### Source data
====

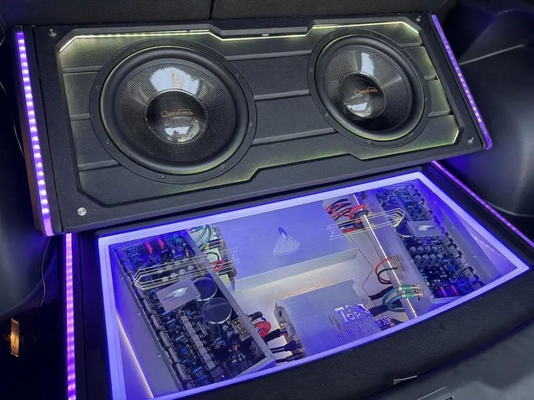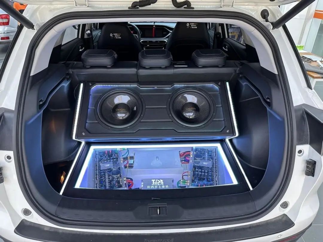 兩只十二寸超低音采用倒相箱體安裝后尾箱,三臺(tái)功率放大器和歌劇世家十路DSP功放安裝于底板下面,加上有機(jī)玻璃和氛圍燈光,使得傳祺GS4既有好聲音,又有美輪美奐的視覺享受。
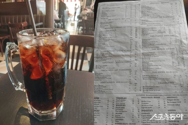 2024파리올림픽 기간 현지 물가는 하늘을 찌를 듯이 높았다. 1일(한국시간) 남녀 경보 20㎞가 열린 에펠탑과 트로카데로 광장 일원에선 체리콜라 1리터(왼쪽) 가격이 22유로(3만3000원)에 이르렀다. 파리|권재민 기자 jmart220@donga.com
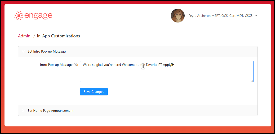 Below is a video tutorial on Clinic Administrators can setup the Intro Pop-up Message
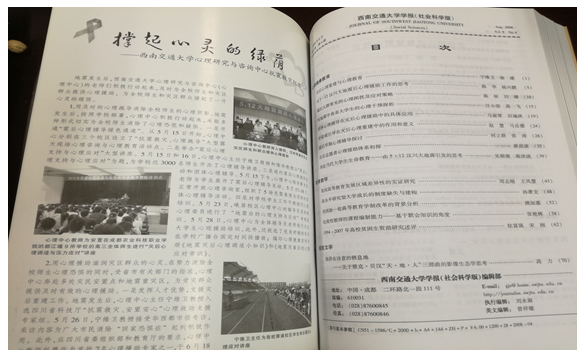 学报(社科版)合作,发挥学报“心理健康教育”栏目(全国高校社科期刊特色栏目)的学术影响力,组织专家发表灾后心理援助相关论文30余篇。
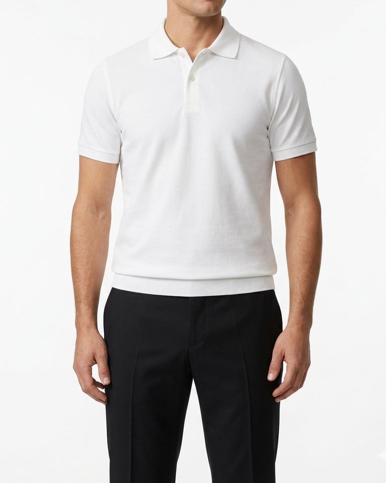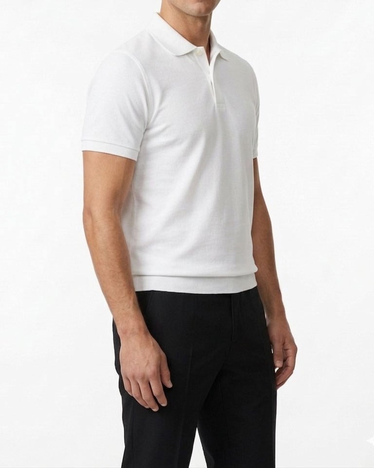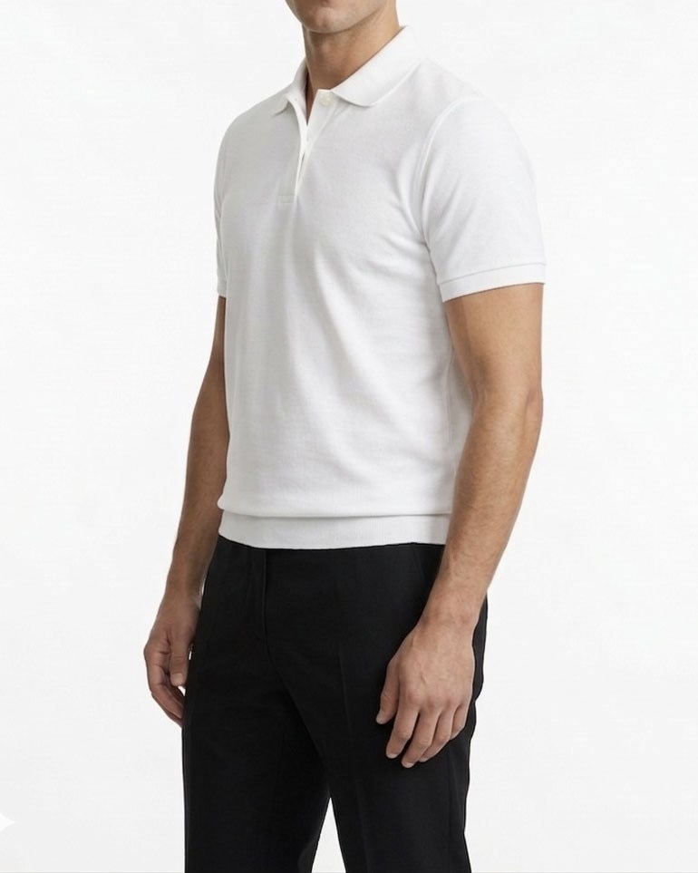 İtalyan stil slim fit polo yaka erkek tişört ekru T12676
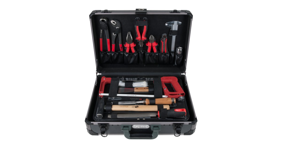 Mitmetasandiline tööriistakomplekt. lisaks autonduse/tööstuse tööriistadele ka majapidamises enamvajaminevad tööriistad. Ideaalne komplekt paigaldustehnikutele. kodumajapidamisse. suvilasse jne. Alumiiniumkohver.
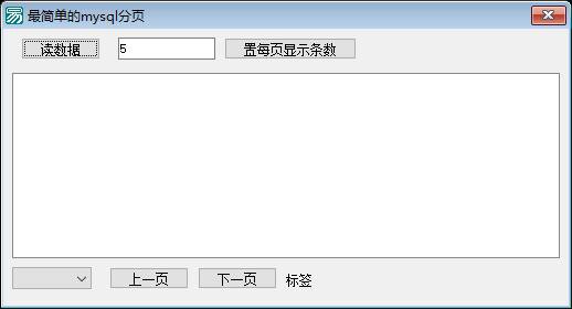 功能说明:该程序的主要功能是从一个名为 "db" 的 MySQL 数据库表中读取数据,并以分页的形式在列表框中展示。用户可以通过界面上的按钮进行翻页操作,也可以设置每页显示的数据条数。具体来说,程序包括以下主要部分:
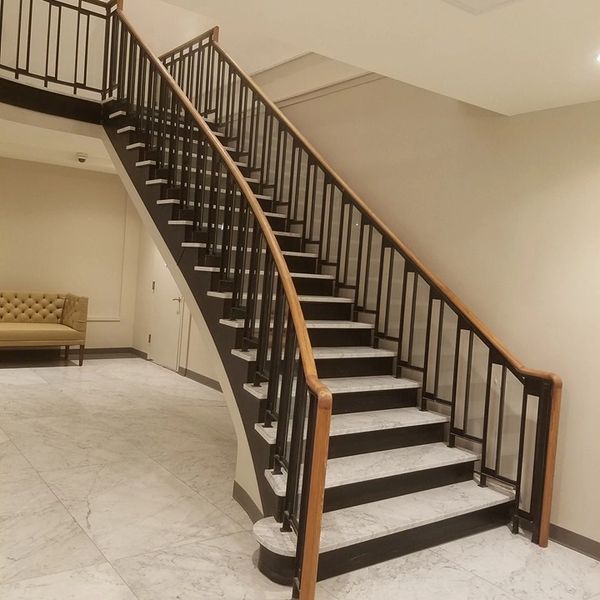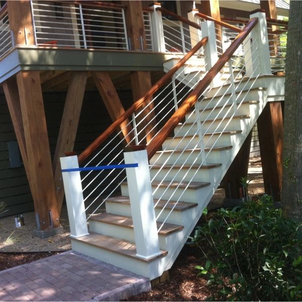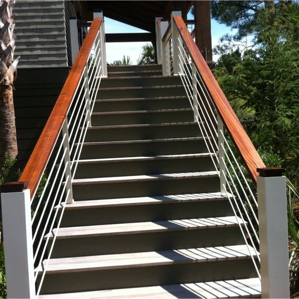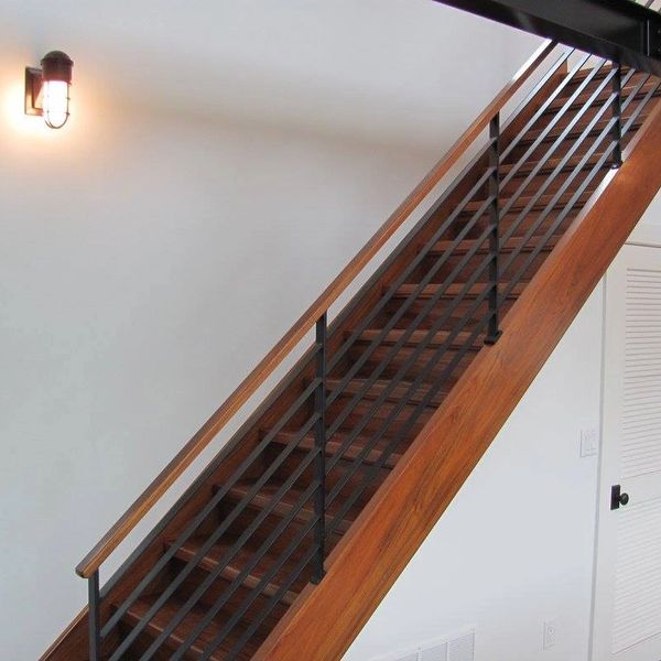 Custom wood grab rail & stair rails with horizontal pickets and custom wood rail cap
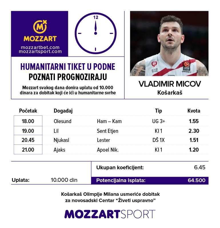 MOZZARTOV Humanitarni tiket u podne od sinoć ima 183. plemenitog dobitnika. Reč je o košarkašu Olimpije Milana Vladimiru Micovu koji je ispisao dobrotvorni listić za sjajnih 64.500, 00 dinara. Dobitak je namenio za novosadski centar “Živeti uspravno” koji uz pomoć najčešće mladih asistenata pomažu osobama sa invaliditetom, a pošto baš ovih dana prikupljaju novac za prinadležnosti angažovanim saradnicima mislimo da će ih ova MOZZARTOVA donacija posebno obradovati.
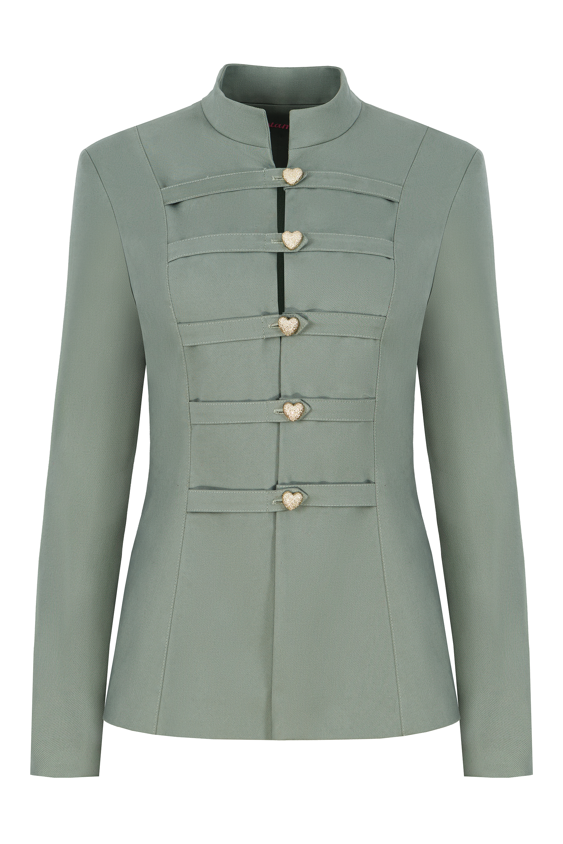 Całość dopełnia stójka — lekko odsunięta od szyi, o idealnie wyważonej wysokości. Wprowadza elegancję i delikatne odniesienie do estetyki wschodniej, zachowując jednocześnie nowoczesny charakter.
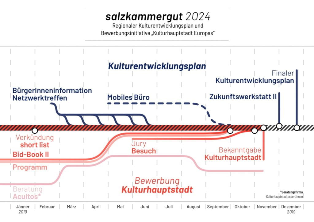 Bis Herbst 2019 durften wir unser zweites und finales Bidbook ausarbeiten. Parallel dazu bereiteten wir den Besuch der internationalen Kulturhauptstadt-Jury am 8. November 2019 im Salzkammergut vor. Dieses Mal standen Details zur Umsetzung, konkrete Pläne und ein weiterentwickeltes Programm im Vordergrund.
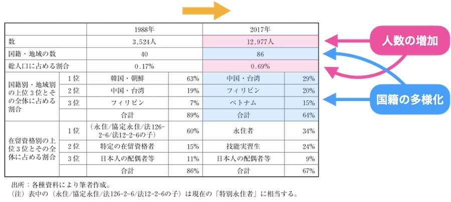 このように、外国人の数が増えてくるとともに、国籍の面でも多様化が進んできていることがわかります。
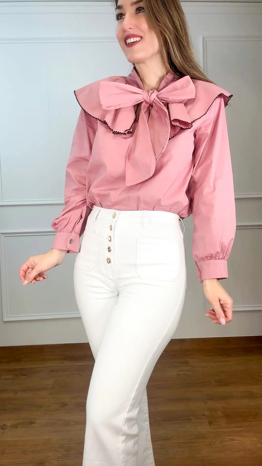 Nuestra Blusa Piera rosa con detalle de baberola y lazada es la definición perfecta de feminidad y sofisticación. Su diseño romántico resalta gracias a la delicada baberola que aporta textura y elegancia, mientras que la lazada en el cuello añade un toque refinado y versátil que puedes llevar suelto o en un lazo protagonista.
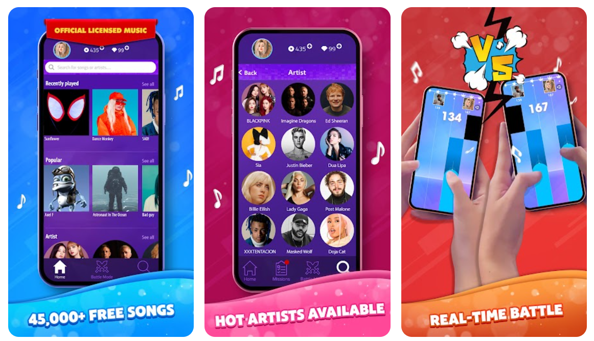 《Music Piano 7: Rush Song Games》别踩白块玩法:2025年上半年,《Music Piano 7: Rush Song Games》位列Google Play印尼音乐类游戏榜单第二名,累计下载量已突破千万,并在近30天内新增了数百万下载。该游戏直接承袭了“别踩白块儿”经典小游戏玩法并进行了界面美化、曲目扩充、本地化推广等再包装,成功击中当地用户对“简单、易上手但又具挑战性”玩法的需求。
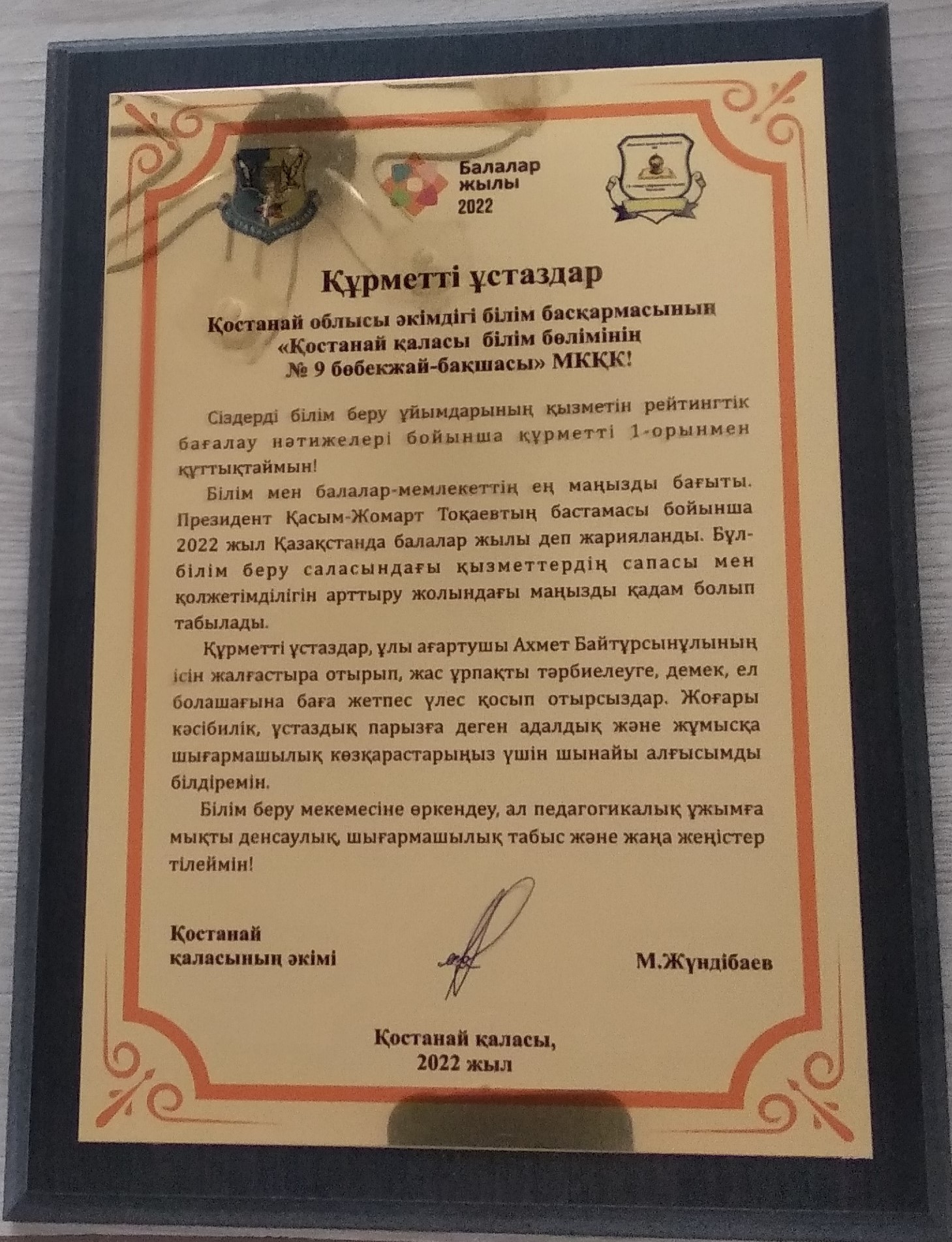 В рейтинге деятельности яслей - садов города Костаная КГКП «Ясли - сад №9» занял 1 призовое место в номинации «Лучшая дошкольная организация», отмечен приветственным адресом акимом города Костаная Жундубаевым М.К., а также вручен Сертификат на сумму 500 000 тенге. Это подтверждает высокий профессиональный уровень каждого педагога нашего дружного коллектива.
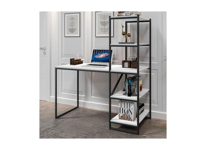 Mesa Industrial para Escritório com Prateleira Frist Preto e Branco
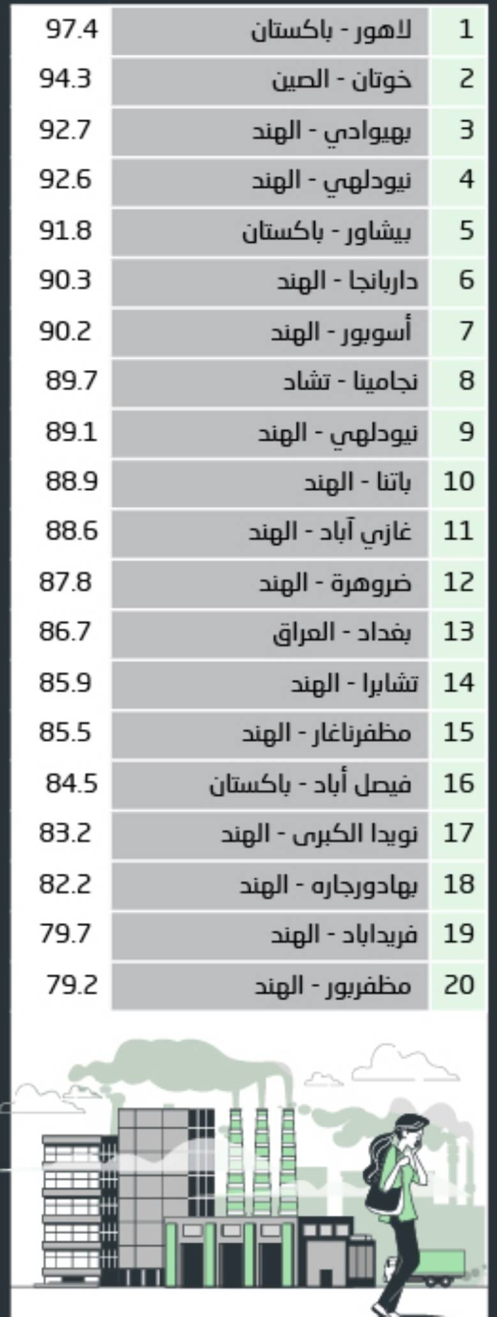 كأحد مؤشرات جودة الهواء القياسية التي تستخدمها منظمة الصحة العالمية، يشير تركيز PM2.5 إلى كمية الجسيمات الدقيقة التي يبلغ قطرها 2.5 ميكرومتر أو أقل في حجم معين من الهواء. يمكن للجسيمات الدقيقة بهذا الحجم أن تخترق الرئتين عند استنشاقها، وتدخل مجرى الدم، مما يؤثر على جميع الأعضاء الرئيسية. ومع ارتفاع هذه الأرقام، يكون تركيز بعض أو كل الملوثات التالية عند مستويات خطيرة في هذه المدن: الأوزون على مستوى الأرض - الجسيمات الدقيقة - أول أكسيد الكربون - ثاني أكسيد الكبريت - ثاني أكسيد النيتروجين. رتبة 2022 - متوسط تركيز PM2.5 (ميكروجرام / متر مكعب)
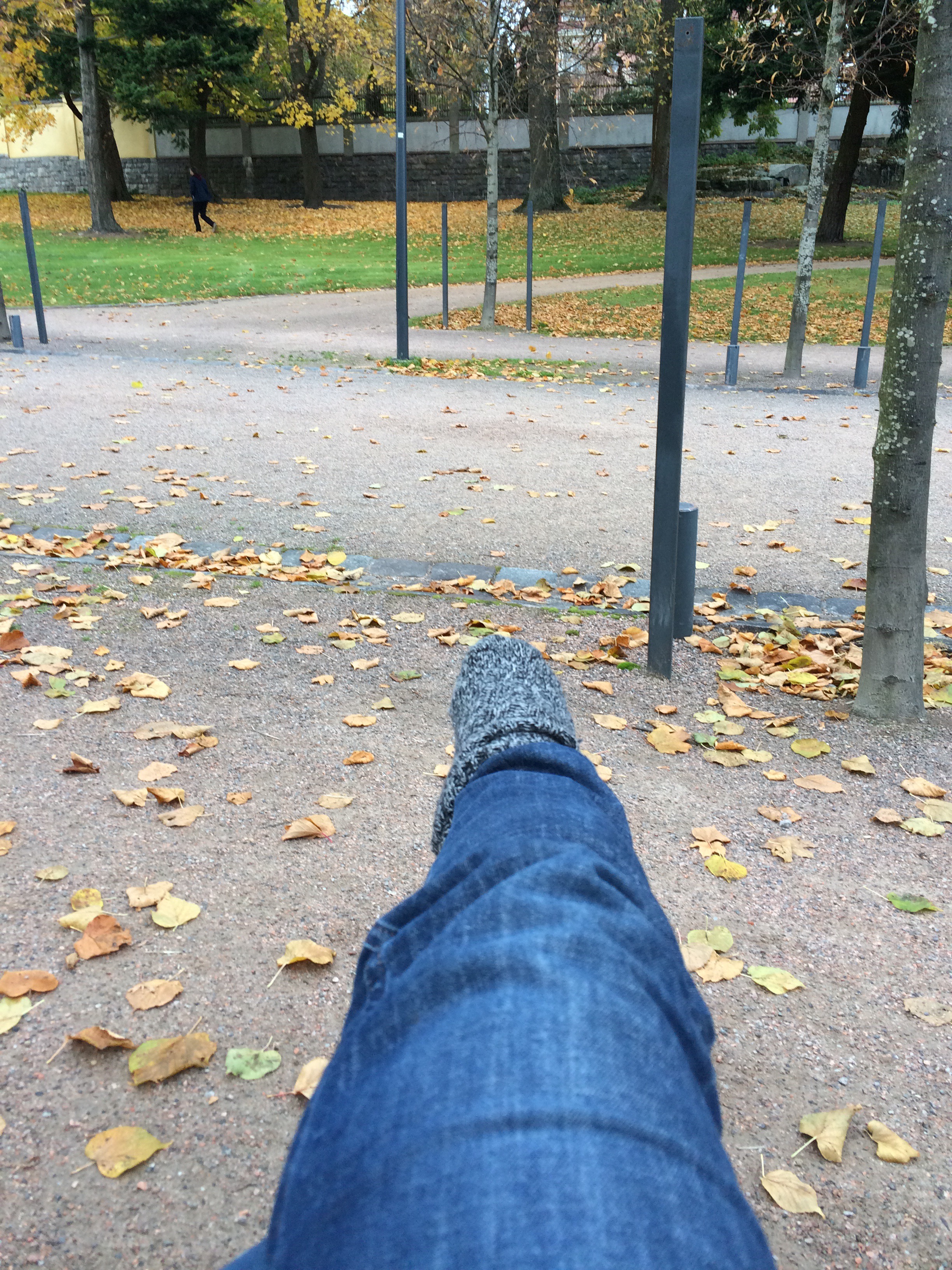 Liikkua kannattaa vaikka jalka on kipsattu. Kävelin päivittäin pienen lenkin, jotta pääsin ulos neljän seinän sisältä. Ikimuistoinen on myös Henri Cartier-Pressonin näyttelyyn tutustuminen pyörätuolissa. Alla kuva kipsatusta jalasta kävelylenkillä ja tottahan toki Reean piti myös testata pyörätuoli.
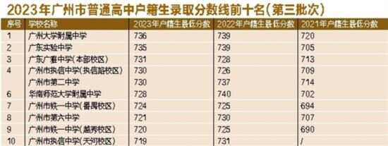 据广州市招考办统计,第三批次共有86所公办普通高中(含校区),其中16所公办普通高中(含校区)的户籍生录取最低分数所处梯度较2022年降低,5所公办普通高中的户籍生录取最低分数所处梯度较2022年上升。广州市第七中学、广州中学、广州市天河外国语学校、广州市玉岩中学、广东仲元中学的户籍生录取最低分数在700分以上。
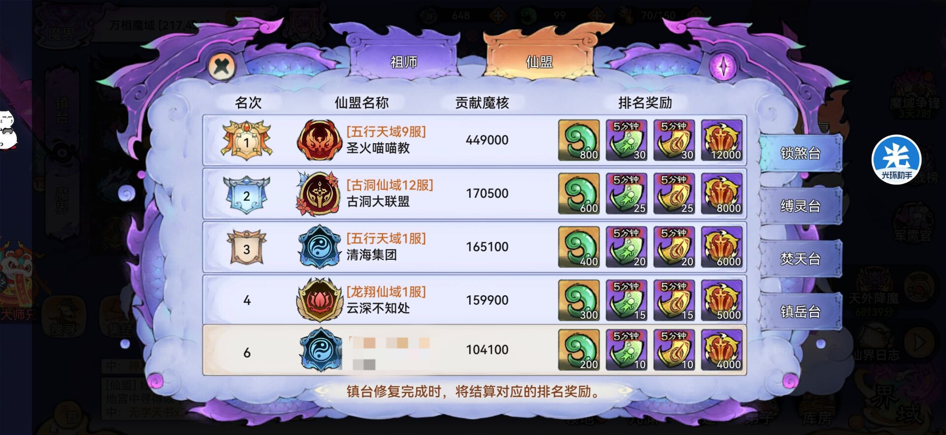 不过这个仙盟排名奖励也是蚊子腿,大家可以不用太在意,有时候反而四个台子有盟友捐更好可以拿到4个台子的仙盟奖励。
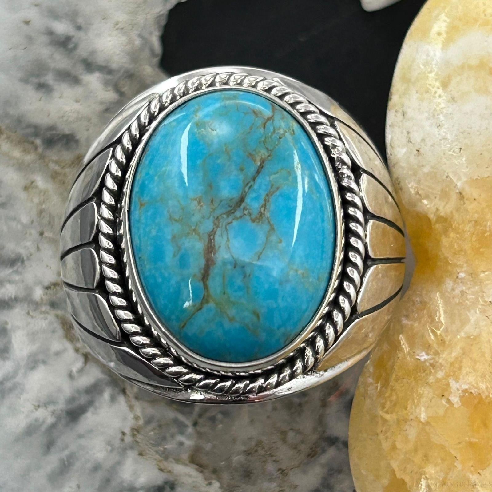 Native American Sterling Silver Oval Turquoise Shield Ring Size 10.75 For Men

====

### About this task
Write out again, exactly, the lines from the start of the listing up to the line containing "Custom wood grab", with both ends and without pictures.

### Answer to this task
 兩只十二寸超低音采用倒相箱體安裝后尾箱,三臺(tái)功率放大器和歌劇世家十路DSP功放安裝于底板下面,加上有機(jī)玻璃和氛圍燈光,使得傳祺GS4既有好聲音,又有美輪美奐的視覺享受。
 2024파리올림픽 기간 현지 물가는 하늘을 찌를 듯이 높았다. 1일(한국시간) 남녀 경보 20㎞가 열린 에펠탑과 트로카데로 광장 일원에선 체리콜라 1리터(왼쪽) 가격이 22유로(3만3000원)에 이르렀다. 파리|권재민 기자 jmart220@donga.com
 Below is a video tutorial on Clinic Administrators can setup the Intro Pop-up Message
 学报(社科版)合作,发挥学报“心理健康教育”栏目(全国高校社科期刊特色栏目)的学术影响力,组织专家发表灾后心理援助相关论文30余篇。
 İtalyan stil slim fit polo yaka erkek tişört ekru T12676
 Mitmetasandiline tööriistakomplekt. lisaks autonduse/tööstuse tööriistadele ka majapidamises enamvajaminevad tööriistad. Ideaalne komplekt paigaldustehnikutele. kodumajapidamisse. suvilasse jne. Alumiiniumkohver.
 功能说明:该程序的主要功能是从一个名为 "db" 的 MySQL 数据库表中读取数据,并以分页的形式在列表框中展示。用户可以通过界面上的按钮进行翻页操作,也可以设置每页显示的数据条数。具体来说,程序包括以下主要部分:
 Custom wood grab rail & stair rails with horizontal pickets and custom wood rail cap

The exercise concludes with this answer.